About this Course...

 

 

 
Writing and Critical Reasoning? How might these two subjects be fitted together within the frame of a single academic course? Writing--this term suggests that our course will focus on the mechanics of college essay composition. Critical Reasoning--this term suggests something else entirely; it suggests that our course will focus on the fundamentals of logic: those forms of inductive and deductive reasoning that one ordinarily studies in Philosophy or Law courses. Surely we can all agree that both subjects are important, but why is it that they came to be paired up in our English 103 course?

While different instructors will answer this question in different ways, most will agree that sound reasoning is an indispensable feature of all college writing, and that clear, precise, and persuasive expression (e.g., writing) is an essential element of every coherently constructed line of reasoning. Thus, when we write our college papers, we are always concerned to support a hypothesis (i.e., our thesis statement) in a rational manner. Which is to say, we try to give our readers sound reasons as to why they should accept the conclusions that we draw. Similarly, when we deploy the models of inductive and deductive reasoning in order to derive rational conclusions, we must take care to elaborate the terms of our reasoning in a manner that renders them clear and convincing. Thus, to a certain extent, writing and critical reasoning are one and the same thing: writing is a way of logically organizing our thoughts into a coherent form; the schemes of critical reasoning (e.g., induction and deduction) are coherent forms that require careful composition.
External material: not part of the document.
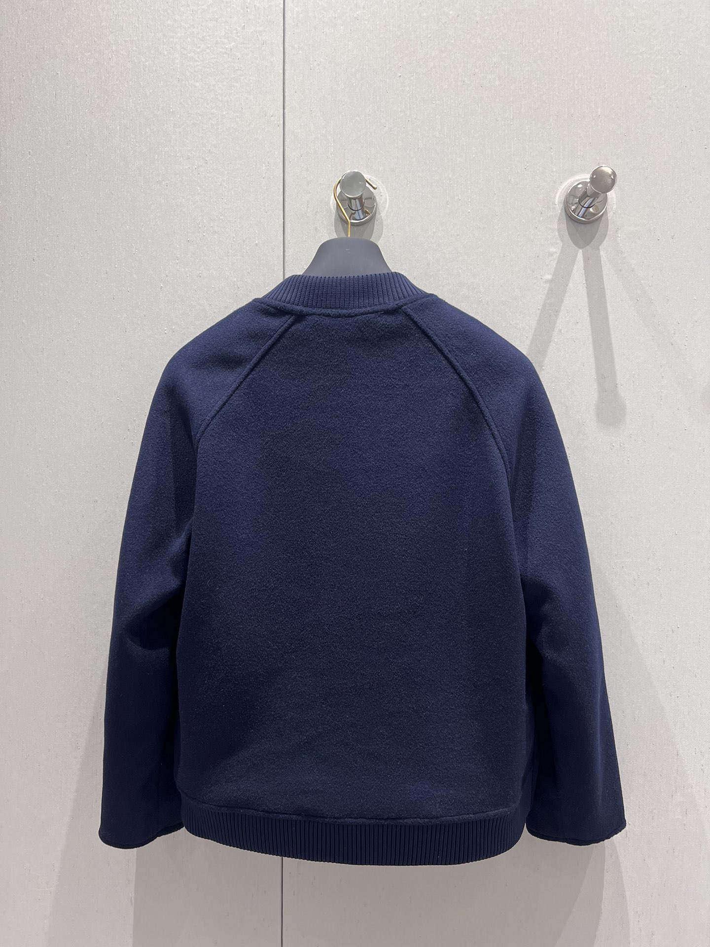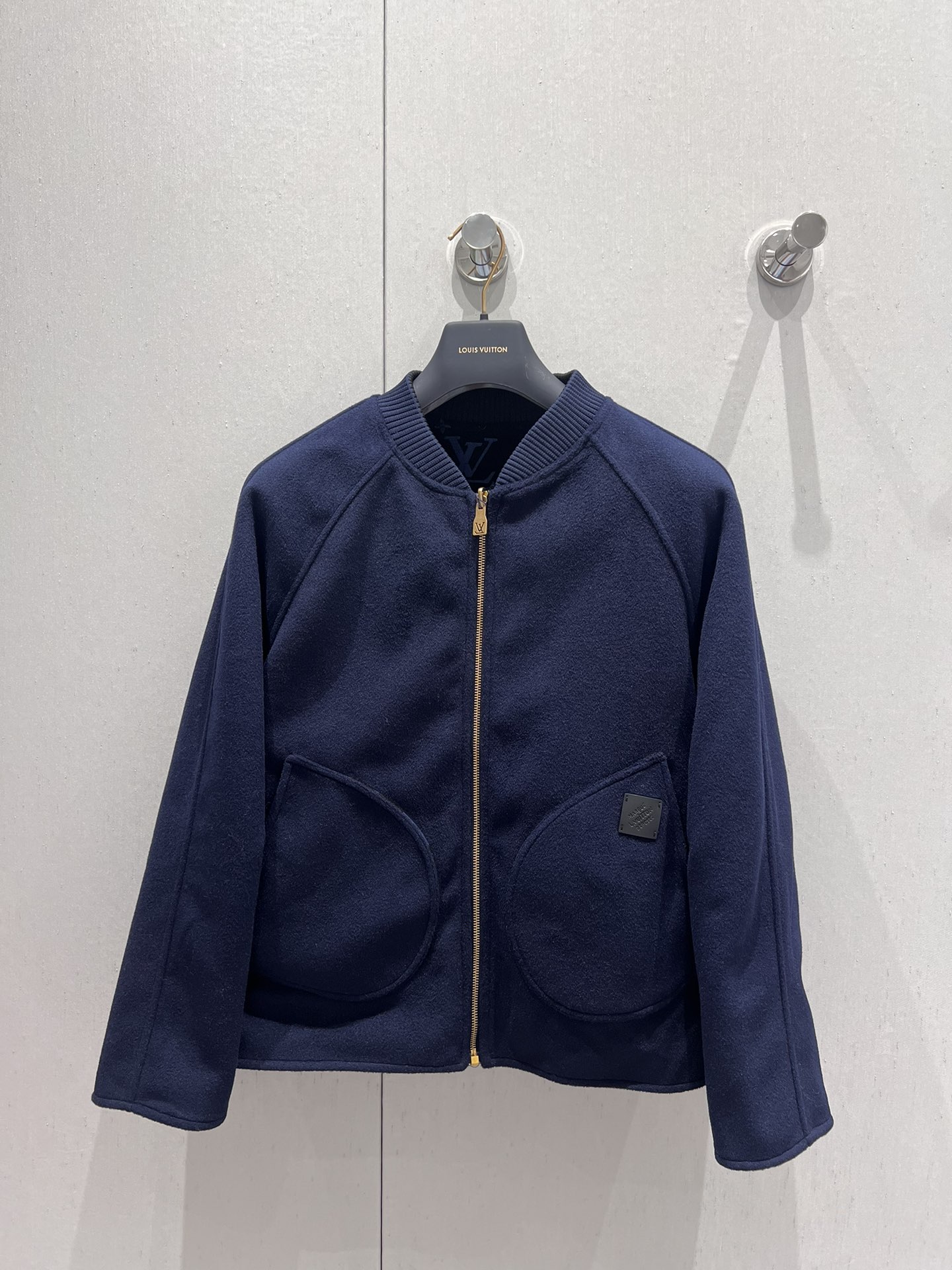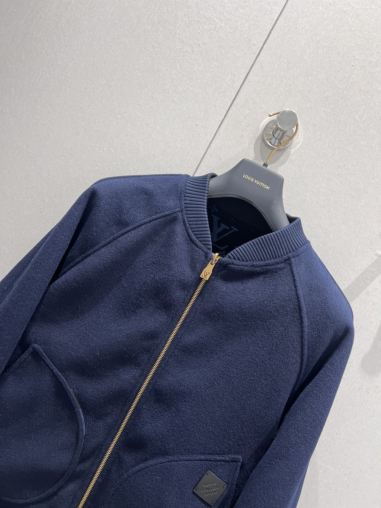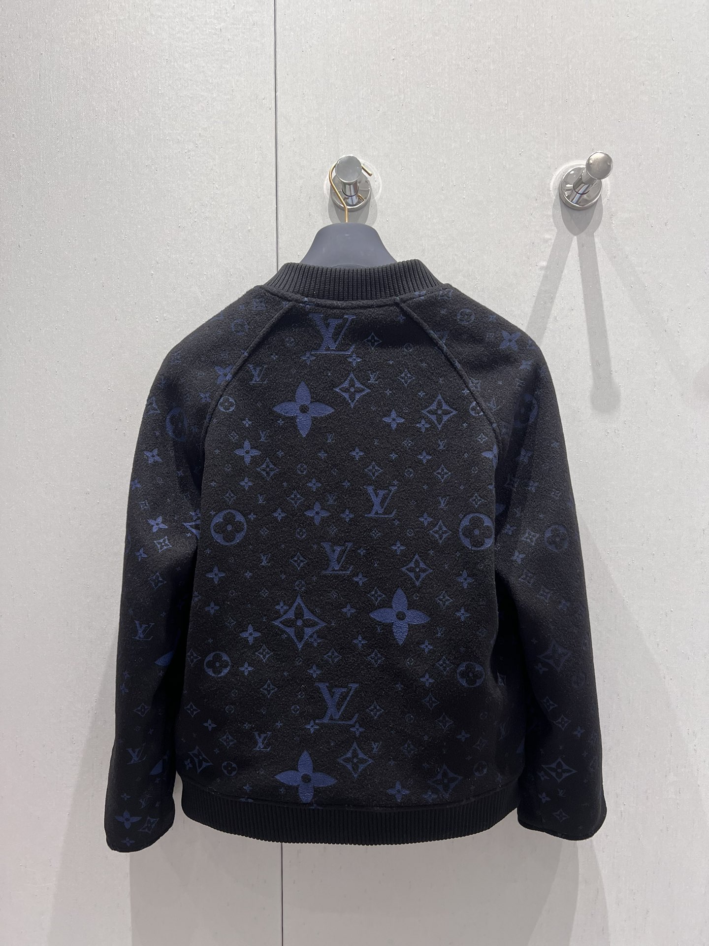 La prenda presenta un cuello de punto elástico, bajo y puños de tejido Monogram y un cierre de cremallera doble con un ribete de punto en la cara estampada.

The major portion of this course will focus on certain relevant social issues as we analyze and defend particular postions by abstracting and critiquing the lines of reasoning on which they stand. However, parts of this course (the first and final weeks) will focus on an elaboration of the principles of critical reasoning as they are presented in a certain genre of writing and film--namely, detective stories. This might seem a bit unusual at first glance. But, as you will soon discover in your review of this material, writers like Edgar Allan Poe, Arthur Conan Doyle, and Agatha Christie are not only masters of mystery and suspense--they are also the first, and maybe even the best, professors of writing and critical reasoning that we have ever had. When we read our way through the analytical triumphs of Sherlock Holmes, C. August Dupin, and Miss Marple, we are in effect schooling ourselves in those very principles and techniques of critical reasoning that will permit us to conduct rational investigations of the larger, personal and social issues we confront in our own lives. To paraphrase Mary Poppins: a spoonful of mystery will help the medicine go down. Now come along Watson. The game is afoot.